:: Given data ::
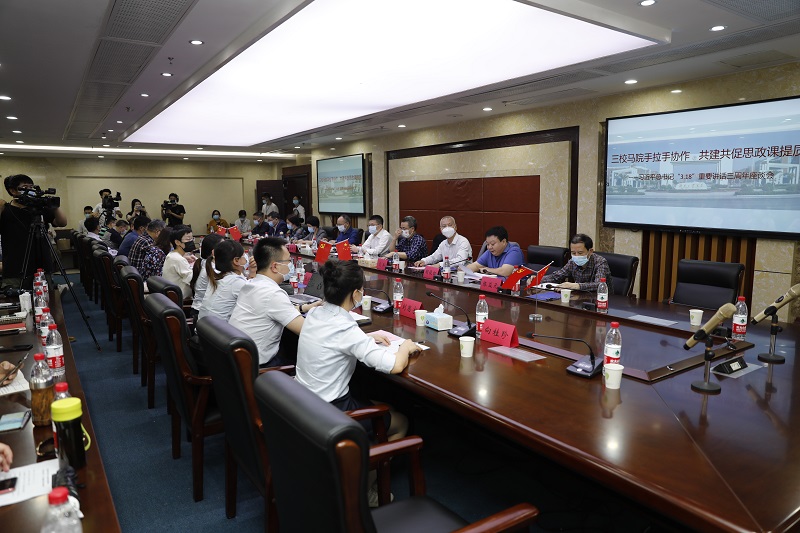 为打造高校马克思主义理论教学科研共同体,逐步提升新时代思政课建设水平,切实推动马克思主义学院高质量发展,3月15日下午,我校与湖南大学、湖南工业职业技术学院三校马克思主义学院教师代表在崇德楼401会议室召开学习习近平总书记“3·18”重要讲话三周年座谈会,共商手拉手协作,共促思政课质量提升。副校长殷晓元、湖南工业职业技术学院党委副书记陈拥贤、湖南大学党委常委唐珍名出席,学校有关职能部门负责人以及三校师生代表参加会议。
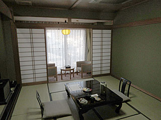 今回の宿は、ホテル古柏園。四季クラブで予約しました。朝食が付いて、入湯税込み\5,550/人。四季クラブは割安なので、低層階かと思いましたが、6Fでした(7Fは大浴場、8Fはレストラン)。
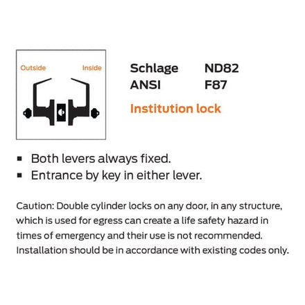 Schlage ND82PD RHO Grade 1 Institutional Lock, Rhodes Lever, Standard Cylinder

---

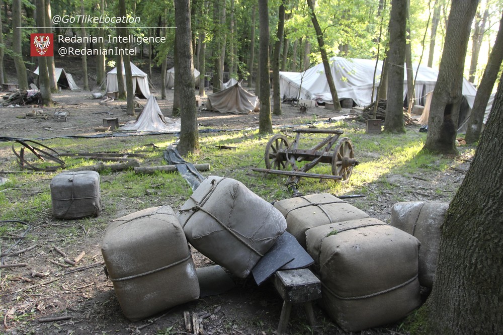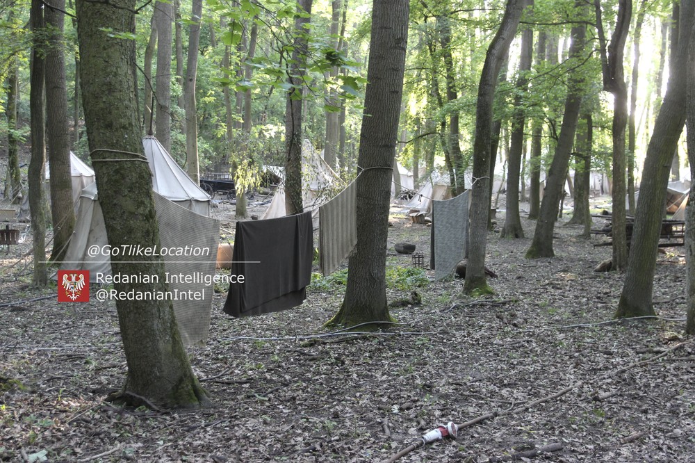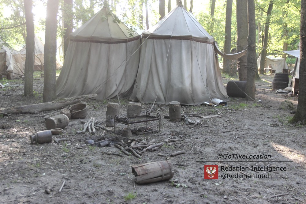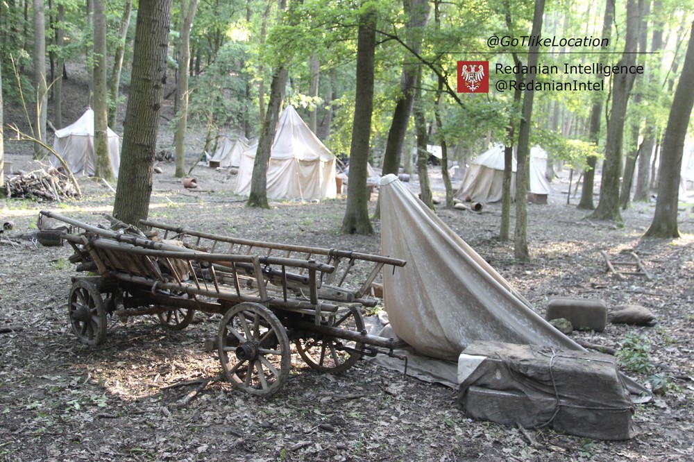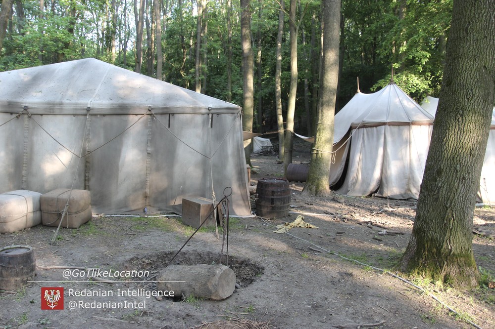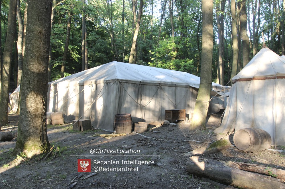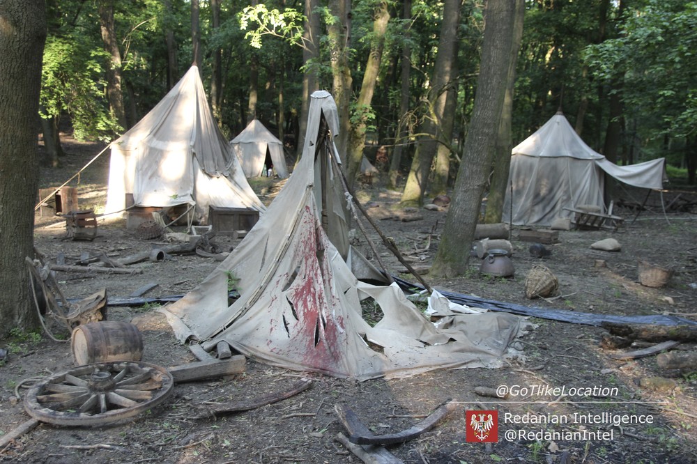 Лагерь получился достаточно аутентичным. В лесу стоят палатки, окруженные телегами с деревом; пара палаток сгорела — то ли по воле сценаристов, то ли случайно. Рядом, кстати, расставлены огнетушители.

:: Problem to work on ::
Starting at the line above with "为打造高校马克思主义理论教学", output every line exactly up to and including the line with "Schlage ND82PD RHO", but none of the pictures.

:: Output for this exercise ::
 为打造高校马克思主义理论教学科研共同体,逐步提升新时代思政课建设水平,切实推动马克思主义学院高质量发展,3月15日下午,我校与湖南大学、湖南工业职业技术学院三校马克思主义学院教师代表在崇德楼401会议室召开学习习近平总书记“3·18”重要讲话三周年座谈会,共商手拉手协作,共促思政课质量提升。副校长殷晓元、湖南工业职业技术学院党委副书记陈拥贤、湖南大学党委常委唐珍名出席,学校有关职能部门负责人以及三校师生代表参加会议。
 今回の宿は、ホテル古柏園。四季クラブで予約しました。朝食が付いて、入湯税込み\5,550/人。四季クラブは割安なので、低層階かと思いましたが、6Fでした(7Fは大浴場、8Fはレストラン)。
 Schlage ND82PD RHO Grade 1 Institutional Lock, Rhodes Lever, Standard Cylinder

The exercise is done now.